Kumar-Singh S, Segers K, Rodeck U, Backhovens H, Bogers J, Weyler J, Van Broeckhoven C, Van Marck E
Department of Pathology, University of Antwerp (UIA), Belgium.
J Pathol. 1997 Jan;181(1):67-74. doi: 10.1002/(SICI)1096-9896(199701)181:1<67::AID-PATH723>3.0.CO;2-Z.

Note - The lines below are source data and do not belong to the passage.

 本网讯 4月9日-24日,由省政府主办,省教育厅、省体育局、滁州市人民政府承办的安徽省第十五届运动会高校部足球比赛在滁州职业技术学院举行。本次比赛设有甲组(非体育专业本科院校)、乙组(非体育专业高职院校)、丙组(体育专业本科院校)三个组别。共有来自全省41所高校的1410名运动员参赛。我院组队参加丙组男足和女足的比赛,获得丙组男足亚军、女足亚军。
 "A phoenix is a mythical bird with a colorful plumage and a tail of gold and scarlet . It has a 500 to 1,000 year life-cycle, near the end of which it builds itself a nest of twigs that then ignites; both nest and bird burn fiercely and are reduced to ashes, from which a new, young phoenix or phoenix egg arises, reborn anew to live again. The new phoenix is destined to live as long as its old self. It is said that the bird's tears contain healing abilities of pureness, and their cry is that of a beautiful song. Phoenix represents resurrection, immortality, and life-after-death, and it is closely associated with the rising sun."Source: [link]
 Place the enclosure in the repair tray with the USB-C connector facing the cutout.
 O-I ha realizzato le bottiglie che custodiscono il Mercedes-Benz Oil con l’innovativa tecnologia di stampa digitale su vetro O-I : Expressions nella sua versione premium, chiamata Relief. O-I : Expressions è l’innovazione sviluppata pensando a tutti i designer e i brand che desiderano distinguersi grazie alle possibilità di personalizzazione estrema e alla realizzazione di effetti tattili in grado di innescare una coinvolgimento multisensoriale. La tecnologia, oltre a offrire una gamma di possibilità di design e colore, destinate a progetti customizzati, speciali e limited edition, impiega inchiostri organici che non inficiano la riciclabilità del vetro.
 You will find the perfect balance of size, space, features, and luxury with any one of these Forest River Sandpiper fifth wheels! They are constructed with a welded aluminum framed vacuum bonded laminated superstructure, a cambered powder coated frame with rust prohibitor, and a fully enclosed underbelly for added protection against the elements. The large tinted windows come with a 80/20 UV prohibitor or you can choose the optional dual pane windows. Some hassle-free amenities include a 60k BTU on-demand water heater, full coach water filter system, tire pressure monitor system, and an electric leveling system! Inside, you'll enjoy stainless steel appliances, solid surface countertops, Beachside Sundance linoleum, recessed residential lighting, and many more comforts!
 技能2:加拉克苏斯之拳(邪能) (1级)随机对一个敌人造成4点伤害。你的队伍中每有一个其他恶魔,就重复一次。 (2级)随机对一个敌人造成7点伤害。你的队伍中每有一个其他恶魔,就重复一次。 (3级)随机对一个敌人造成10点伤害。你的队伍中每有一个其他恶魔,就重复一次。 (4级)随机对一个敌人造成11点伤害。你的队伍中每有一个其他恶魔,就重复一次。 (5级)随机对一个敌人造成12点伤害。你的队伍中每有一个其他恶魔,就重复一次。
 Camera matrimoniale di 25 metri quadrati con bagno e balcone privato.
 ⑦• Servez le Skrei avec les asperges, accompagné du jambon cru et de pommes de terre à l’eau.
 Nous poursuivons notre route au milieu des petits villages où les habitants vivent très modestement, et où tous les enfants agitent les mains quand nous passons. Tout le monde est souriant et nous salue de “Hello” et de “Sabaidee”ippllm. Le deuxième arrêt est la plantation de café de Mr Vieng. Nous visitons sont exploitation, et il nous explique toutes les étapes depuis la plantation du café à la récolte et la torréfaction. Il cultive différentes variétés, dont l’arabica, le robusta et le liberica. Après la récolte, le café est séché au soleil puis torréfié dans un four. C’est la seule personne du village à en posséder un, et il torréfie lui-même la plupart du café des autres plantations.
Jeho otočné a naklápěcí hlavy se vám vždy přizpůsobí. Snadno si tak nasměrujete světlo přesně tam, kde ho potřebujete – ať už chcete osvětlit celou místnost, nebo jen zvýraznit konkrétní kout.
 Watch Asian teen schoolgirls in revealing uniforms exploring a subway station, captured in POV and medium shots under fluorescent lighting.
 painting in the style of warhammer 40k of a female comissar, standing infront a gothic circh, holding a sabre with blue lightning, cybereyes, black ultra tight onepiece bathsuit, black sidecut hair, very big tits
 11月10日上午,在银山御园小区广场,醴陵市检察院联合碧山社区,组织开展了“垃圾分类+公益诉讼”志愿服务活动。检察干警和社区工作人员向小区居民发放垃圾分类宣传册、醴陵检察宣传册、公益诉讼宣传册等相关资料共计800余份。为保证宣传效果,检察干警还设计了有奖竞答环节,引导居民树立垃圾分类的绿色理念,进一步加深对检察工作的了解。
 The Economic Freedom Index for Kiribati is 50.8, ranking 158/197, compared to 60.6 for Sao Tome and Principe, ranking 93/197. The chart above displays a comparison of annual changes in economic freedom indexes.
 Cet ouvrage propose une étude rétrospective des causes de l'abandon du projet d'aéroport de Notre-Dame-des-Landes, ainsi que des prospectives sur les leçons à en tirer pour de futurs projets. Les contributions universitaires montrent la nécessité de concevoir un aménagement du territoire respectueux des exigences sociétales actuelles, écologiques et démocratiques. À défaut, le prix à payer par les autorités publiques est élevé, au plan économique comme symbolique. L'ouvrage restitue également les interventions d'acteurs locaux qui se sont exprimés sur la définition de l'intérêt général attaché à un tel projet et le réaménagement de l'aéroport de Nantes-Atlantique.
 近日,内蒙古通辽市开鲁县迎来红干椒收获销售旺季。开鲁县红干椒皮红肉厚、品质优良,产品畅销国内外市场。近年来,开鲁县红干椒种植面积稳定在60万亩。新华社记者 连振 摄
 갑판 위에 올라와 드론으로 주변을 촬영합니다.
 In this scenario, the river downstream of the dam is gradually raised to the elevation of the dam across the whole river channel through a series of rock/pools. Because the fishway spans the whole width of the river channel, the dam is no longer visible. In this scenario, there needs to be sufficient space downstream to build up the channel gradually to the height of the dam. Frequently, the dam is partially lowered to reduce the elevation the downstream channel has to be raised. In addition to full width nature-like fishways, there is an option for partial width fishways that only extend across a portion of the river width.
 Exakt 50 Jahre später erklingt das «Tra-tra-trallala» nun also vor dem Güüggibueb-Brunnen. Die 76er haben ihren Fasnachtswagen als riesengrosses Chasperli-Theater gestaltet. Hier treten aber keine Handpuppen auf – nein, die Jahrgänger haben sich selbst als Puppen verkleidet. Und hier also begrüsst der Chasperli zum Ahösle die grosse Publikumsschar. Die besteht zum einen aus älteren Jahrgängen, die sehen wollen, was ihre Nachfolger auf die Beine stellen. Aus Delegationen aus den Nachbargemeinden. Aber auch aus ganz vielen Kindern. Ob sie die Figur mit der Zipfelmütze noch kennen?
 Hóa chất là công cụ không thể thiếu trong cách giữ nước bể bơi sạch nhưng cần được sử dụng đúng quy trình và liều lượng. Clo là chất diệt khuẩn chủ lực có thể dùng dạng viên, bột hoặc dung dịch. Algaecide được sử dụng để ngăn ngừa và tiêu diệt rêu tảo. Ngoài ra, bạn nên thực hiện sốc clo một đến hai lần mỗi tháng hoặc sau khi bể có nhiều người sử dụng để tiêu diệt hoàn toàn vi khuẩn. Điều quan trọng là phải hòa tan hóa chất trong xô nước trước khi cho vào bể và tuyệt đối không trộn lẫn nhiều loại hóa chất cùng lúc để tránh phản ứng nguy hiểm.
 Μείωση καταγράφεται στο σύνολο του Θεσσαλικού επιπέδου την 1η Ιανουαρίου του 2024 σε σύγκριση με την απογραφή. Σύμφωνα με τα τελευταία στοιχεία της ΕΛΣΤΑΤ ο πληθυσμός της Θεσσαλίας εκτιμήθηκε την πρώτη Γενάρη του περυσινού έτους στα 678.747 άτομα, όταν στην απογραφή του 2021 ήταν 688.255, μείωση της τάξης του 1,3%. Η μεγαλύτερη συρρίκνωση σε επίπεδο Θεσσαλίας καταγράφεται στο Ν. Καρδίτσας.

The Wilms tumour 1 (WT1) gene is believed to contribute to the growth and differentiation of certain tissues, including mesothelium. This study assessed WT1 gene status by mutational screening in 42 malignant mesotheliomas (MMs) and 3 MM cell lines and detected two tumours with identical heterozygous single nucleotide deletions in intron 7, with no apparent consequence for WT1 function. Furthermore, the expression pattern of the WT1 gene was studied in MMs and related lesions using three anti-WT1 monoclonal antibodies (MAbs). Strong to moderate nuclear immunoreactivity was noted in MM in situ (54/56), cultured mesothelioma cells (4/5), and hyperplastic and normal pleural (non-neoplastic, NNM) specimens. WT1 immunoreactivity was absent in all primary tumours of lung and in pleural metastases from adenocarcinomas of breast and colon; immunoreactivity was present in pleural metastases from renal carcinomas, melanomas, and papillary carcinomas of the ovary. Expression of the WT1 protein in MM was not correlated with survival. Coordinate expression of the WT1 protein and its putative transcriptional target genes was determined by correlating WT1 immunostaining with epidermal growth factor receptor (EGF-R) and insulin-like growth factor 1 receptor (IGF-1R) expression on MM and NNM; no significant correlation was found, irrespective of p53 expression status. Finally, the putative involvement of WT1 in cell-type transition was supported by this study, in that epithelial mesothelioma showed the strongest WT1 immunoreactivity while sarcomatous mesothelioma showed the least.
肾母细胞瘤1(WT1)基因被认为有助于某些组织的生长和分化,包括间皮。本研究通过对42例恶性间皮瘤(MM)和3种MM细胞系进行突变筛查来评估WT1基因状态,检测到2例肿瘤在内含子7中有相同的杂合单核苷酸缺失,对WT1功能无明显影响。此外,使用三种抗WT1单克隆抗体(MAb)研究了MM及相关病变中WT1基因的表达模式。在MM原位(54/56)、培养的间皮瘤细胞(4/5)以及增生性和正常胸膜(非肿瘤性,NNM)标本中均观察到强至中度的核免疫反应性。在所有原发性肺癌以及乳腺癌和结肠癌的胸膜转移瘤中均未检测到WT1免疫反应性;在肾癌、黑色素瘤和卵巢乳头状癌的胸膜转移瘤中存在免疫反应性。MM中WT1蛋白的表达与生存率无关。通过将WT1免疫染色与MM和NNM上的表皮生长因子受体(EGF-R)和胰岛素样生长因子1受体(IGF-1R)表达相关联,确定了WT1蛋白及其推定的转录靶基因的协同表达;无论p53表达状态如何,均未发现显著相关性。最后,本研究支持了WT1在细胞类型转变中的推定作用,即上皮性间皮瘤显示出最强的WT1免疫反应性,而肉瘤样间皮瘤显示出最弱的免疫反应性。